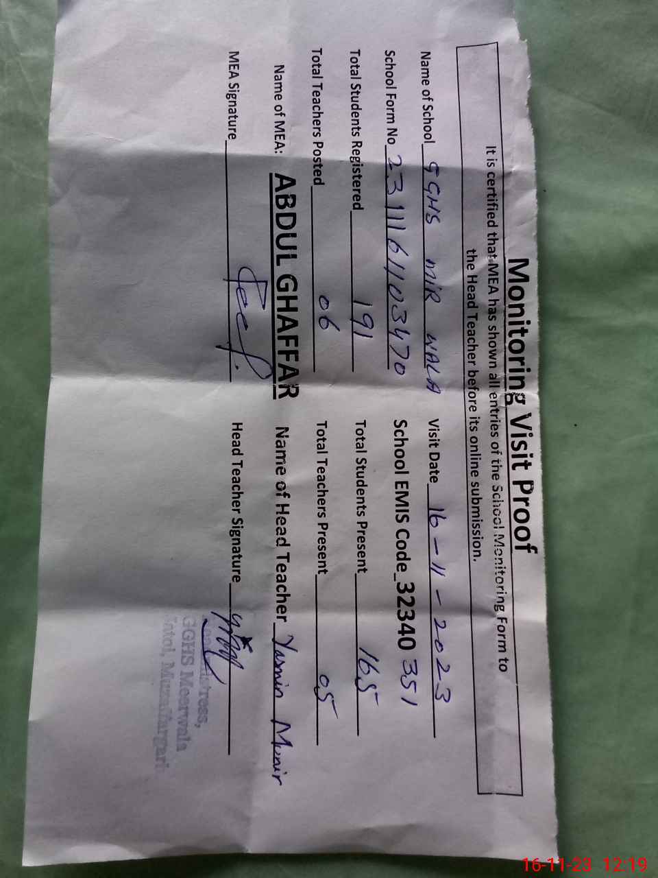 | EMIS Code: 32340351 | Name of School: GGHS MEER WALA | |||
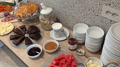 Gli ospiti delle camere possono gustare una colazione con prodotti freschi del territorio servita nella luminosa Sala colazioni al piano terra. Chi alloggia negli appartamenti, invece, può richiederla comodamente in alloggio, per un inizio giornata riservato e rilassante.
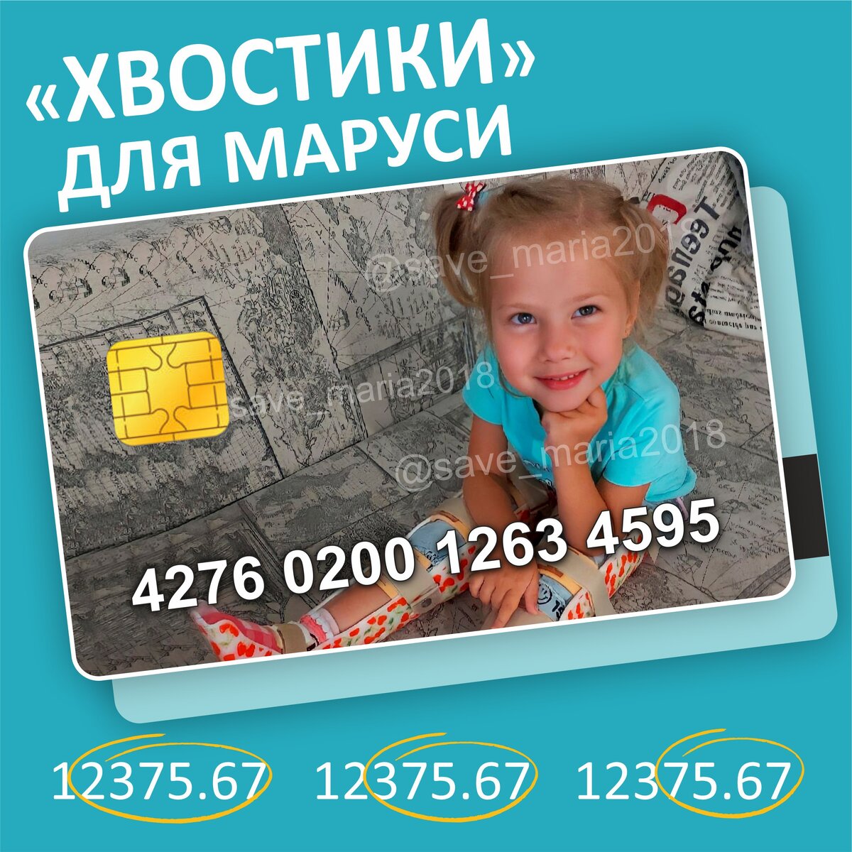 @save_maria2018 в Instagram. Ребят, по традиции каждую пятницу у нас акция "Хвостики для Маруси". Сегодня мы решили провести Вечерние Хвостики. Округлите сумму на карте в конце дня, а хвостик Марусе - 22,25 руб; 58 руб; 119 руб; 538,50 руб. Нам очень нужна 🙏 поддержка каждого и каждый рубль приблизит сбор на лечение Маруси к закрытию. Ну что проверим, сколько мы сможем собрать вечерних Хвостиков? Помогать легко 👇 ♨️ лайк ♨️ добавить себе в сториз ♨️ отправить репост своим друзьям и знакомым ♨️ Переведи посильную сумму 👧 Маша Яценко 4 года 💰Сумма сбора = 121 000 000 руб 🆘Собрано - 72 069 365 руб 🔴 Реквизиты родителей👇 💳Сбербанк: 4276 0200 1263 4595 💳Альфа-Банк: 5559 4937 1275 6791 Мобильный банк: 8 902 999 99 84 Получатель: Людмила Ивановна П.(мама) (Liudmila Panasenko) 💳Тинькофф: 5536 9138 2218 6397 Получатель: Евгений Петрович Я. (папа) 📍Qiwi: 89029999984 ✴️ БФ Сбереги жизнь - отправь смс на номер 3443 слово Маруся сумма 5️00
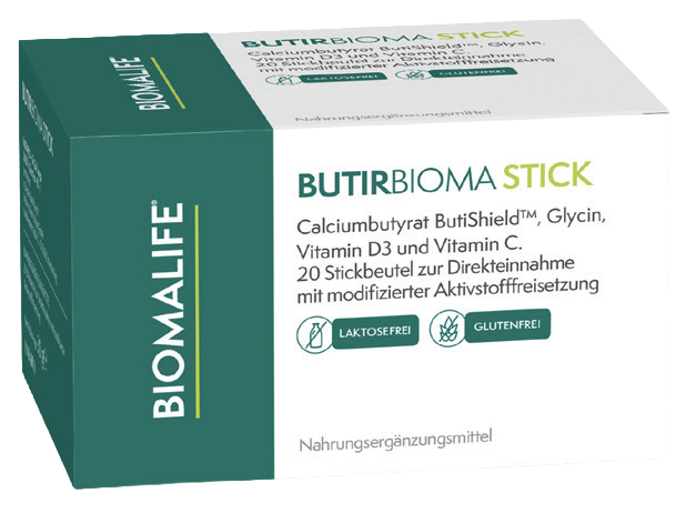 Nahrungsergänzungsmittel auf der Basis von Calciumbutyrat ButiShieldTM, Glycin, Vitamin D3 und Vitamin C. Stickbeutel zur Direkteinnahme mit modifizierter Aktivstofffreisetzung.

YOUR ASSIGNMENT » Repeat the exact lines from the first line of the data through the line containing "Gli ospiti delle". Nothing else, no pictures.

SOLUTION BELOW »
 | EMIS Code: 32340351 | Name of School: GGHS MEER WALA | |||
 Gli ospiti delle camere possono gustare una colazione con prodotti freschi del territorio servita nella luminosa Sala colazioni al piano terra. Chi alloggia negli appartamenti, invece, può richiederla comodamente in alloggio, per un inizio giornata riservato e rilassante.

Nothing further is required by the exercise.